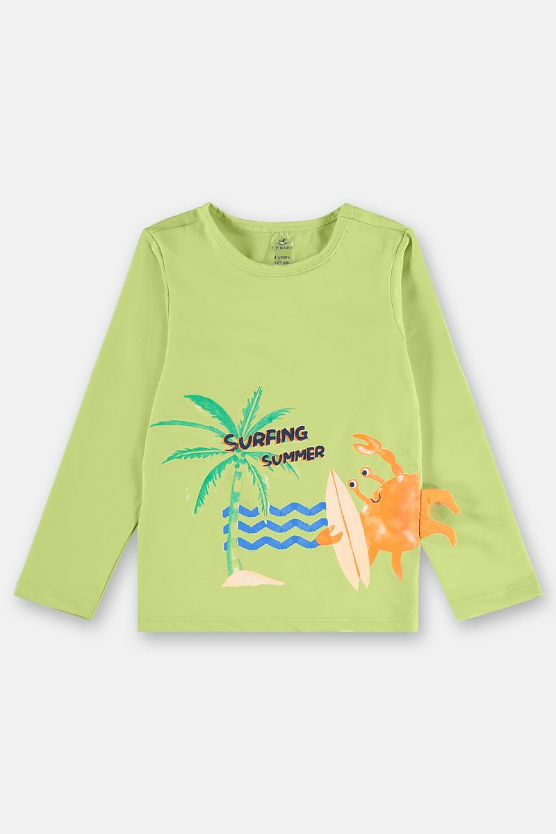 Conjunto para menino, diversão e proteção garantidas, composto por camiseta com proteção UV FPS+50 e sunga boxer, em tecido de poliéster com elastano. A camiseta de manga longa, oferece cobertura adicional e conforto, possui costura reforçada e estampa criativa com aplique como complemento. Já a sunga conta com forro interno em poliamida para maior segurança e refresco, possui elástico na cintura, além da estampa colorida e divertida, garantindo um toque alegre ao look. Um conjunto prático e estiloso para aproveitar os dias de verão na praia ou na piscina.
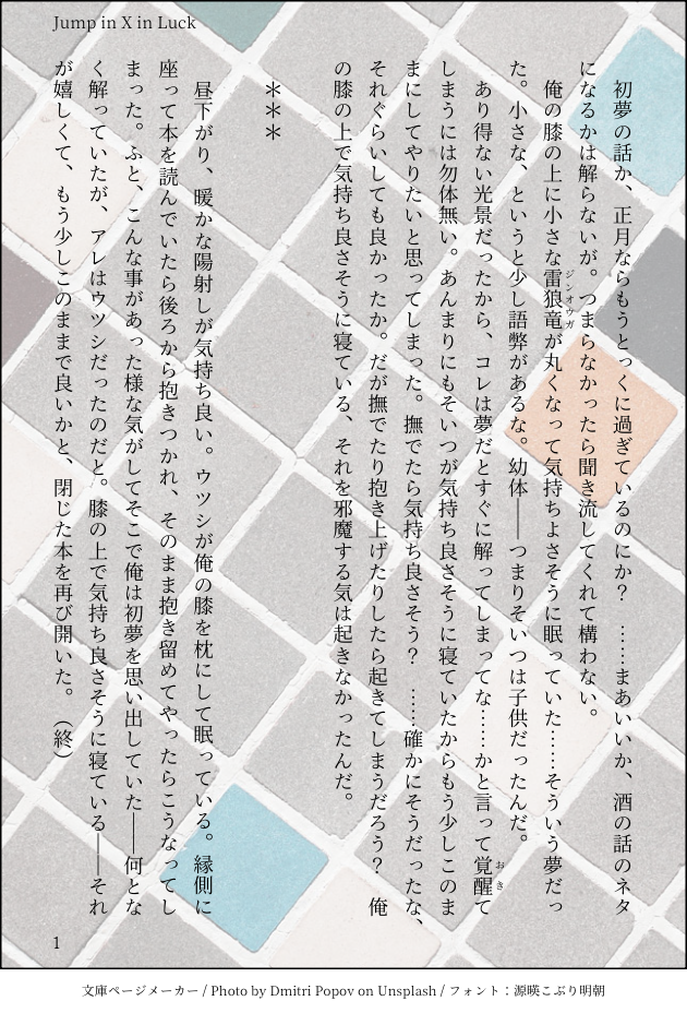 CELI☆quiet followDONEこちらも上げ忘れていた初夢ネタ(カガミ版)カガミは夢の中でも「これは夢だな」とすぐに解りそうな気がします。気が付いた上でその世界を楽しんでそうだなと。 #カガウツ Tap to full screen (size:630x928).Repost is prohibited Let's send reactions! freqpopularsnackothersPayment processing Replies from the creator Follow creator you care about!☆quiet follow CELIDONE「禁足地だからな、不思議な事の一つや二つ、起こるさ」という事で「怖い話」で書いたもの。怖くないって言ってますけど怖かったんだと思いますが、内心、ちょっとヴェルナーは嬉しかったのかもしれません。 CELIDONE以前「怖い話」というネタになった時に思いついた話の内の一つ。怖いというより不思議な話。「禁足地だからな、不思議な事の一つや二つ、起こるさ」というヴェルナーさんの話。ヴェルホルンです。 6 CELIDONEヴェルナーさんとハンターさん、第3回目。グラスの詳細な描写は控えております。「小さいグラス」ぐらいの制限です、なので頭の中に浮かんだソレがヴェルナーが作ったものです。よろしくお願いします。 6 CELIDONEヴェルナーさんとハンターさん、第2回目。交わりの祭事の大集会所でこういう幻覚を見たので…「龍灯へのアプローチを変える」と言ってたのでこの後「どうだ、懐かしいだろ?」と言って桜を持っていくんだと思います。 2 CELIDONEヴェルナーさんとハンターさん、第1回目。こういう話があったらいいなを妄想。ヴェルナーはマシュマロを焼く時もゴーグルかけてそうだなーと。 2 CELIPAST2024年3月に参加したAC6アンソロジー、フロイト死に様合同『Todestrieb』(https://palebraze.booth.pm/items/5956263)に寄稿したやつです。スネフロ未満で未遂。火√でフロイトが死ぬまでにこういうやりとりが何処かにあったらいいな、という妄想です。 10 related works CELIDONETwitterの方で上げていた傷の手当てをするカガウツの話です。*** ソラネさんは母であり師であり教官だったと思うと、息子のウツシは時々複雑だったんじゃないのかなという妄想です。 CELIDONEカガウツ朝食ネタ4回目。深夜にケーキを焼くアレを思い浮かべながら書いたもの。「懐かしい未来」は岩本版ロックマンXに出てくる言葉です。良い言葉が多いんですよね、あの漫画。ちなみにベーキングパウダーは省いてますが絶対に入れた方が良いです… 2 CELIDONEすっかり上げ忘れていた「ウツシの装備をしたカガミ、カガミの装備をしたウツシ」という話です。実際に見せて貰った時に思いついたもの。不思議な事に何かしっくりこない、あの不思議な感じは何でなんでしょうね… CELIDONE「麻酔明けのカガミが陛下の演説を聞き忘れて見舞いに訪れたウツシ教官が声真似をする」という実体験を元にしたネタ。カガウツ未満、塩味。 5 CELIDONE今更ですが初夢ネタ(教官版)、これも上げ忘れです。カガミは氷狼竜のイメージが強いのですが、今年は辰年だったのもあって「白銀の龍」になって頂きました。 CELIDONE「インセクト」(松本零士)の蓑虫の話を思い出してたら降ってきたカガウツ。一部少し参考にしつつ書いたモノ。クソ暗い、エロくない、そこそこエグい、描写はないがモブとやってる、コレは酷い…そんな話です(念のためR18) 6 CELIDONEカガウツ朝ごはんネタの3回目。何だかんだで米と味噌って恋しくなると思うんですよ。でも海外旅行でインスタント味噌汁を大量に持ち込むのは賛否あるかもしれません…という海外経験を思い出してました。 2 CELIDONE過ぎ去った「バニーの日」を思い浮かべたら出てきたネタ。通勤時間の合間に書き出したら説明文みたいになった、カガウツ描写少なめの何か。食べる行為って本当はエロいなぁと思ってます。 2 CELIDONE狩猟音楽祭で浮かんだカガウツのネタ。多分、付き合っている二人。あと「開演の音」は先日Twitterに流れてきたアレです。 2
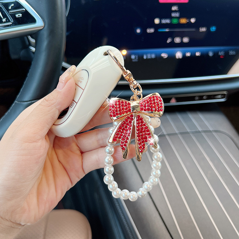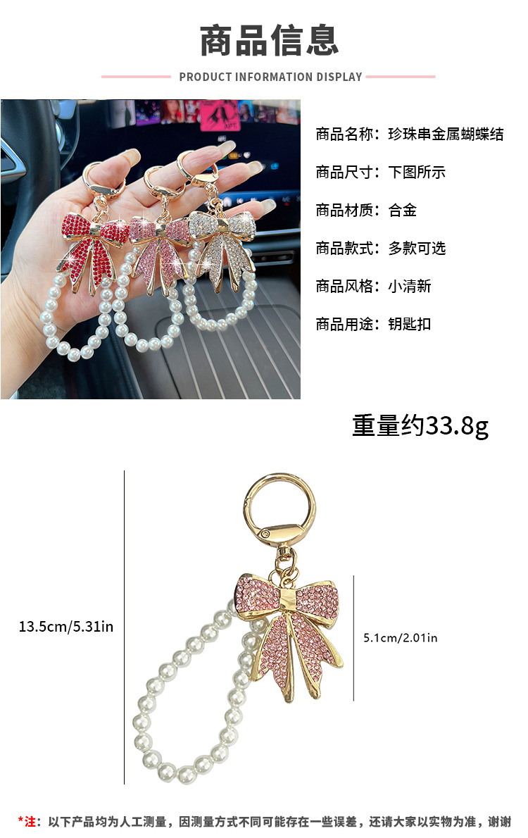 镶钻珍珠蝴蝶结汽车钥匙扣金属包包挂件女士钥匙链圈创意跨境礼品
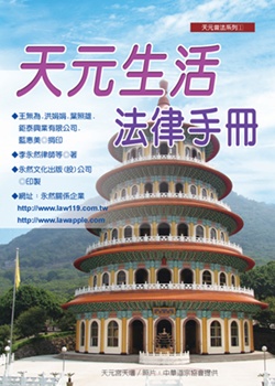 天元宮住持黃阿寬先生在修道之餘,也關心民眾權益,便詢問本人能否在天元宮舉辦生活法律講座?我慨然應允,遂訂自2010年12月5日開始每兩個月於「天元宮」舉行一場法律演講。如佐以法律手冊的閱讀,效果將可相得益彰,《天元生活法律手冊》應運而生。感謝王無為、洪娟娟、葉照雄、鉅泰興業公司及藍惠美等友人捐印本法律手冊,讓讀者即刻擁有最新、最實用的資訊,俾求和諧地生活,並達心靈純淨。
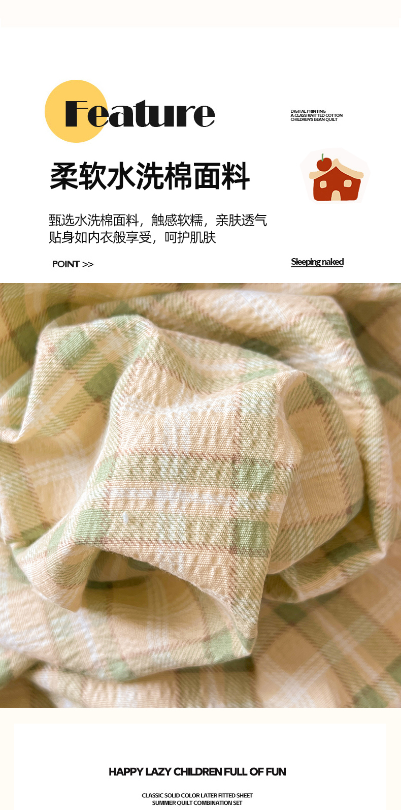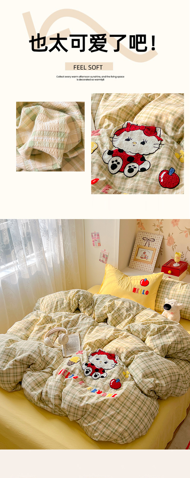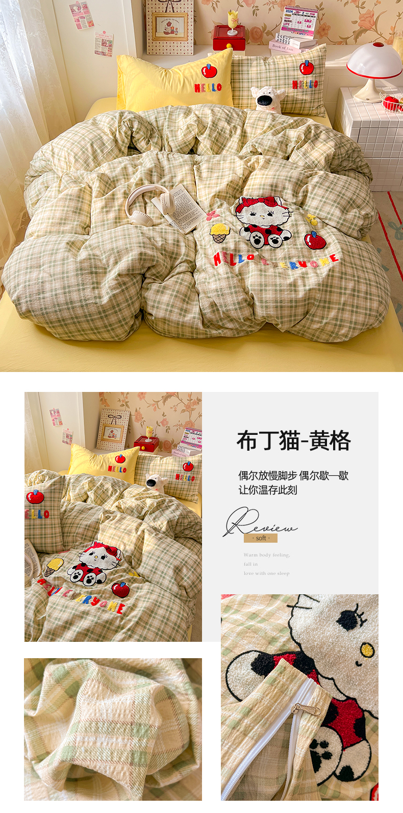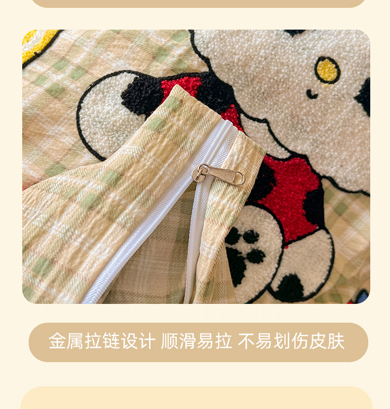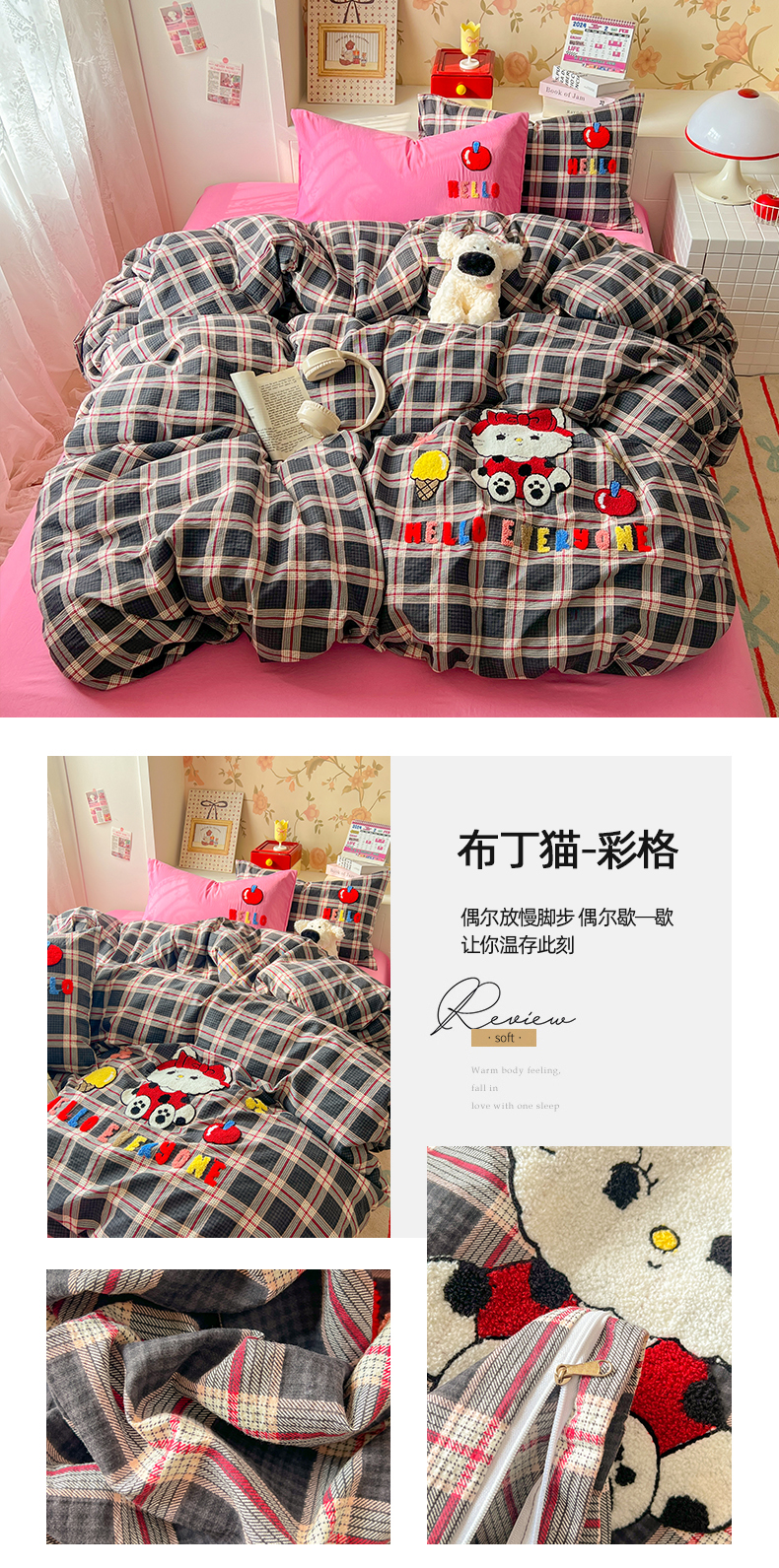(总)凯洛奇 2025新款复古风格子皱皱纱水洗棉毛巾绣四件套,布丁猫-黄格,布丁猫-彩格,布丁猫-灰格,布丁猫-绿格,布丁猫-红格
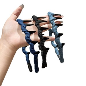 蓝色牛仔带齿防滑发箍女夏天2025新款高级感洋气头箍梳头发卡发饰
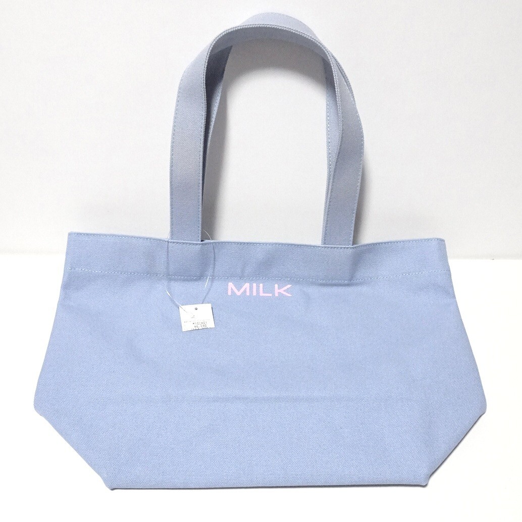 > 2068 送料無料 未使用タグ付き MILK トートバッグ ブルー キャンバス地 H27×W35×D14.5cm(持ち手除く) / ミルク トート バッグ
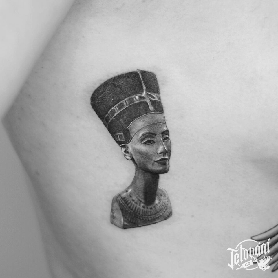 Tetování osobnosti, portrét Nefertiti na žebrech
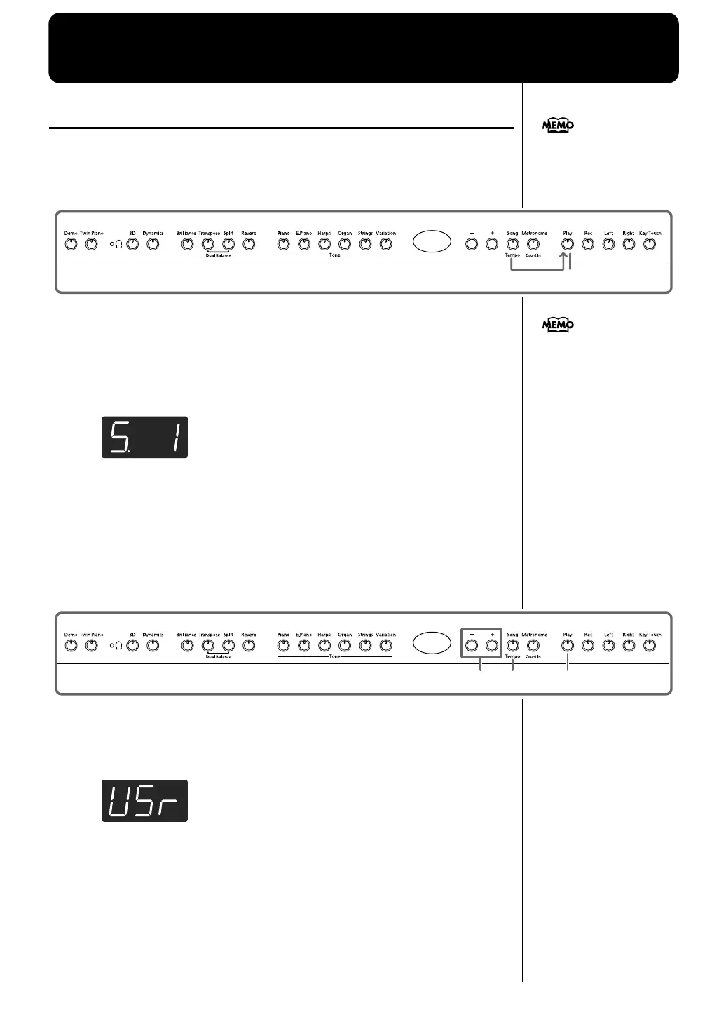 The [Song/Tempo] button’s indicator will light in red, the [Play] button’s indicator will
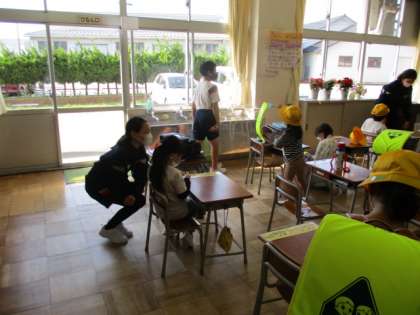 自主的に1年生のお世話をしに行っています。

◆ What the task asks: Write out exactly the lines from the line that contains "蓝色牛仔带齿防滑发箍女夏天2025新款高级感洋气头箍梳头发卡发饰" to the last line of the material above, both included; pictures do not belong in the copy.

◆ Solution:
 蓝色牛仔带齿防滑发箍女夏天2025新款高级感洋气头箍梳头发卡发饰
 > 2068 送料無料 未使用タグ付き MILK トートバッグ ブルー キャンバス地 H27×W35×D14.5cm(持ち手除く) / ミルク トート バッグ
 Tetování osobnosti, portrét Nefertiti na žebrech
 The [Song/Tempo] button’s indicator will light in red, the [Play] button’s indicator will
 自主的に1年生のお世話をしに行っています。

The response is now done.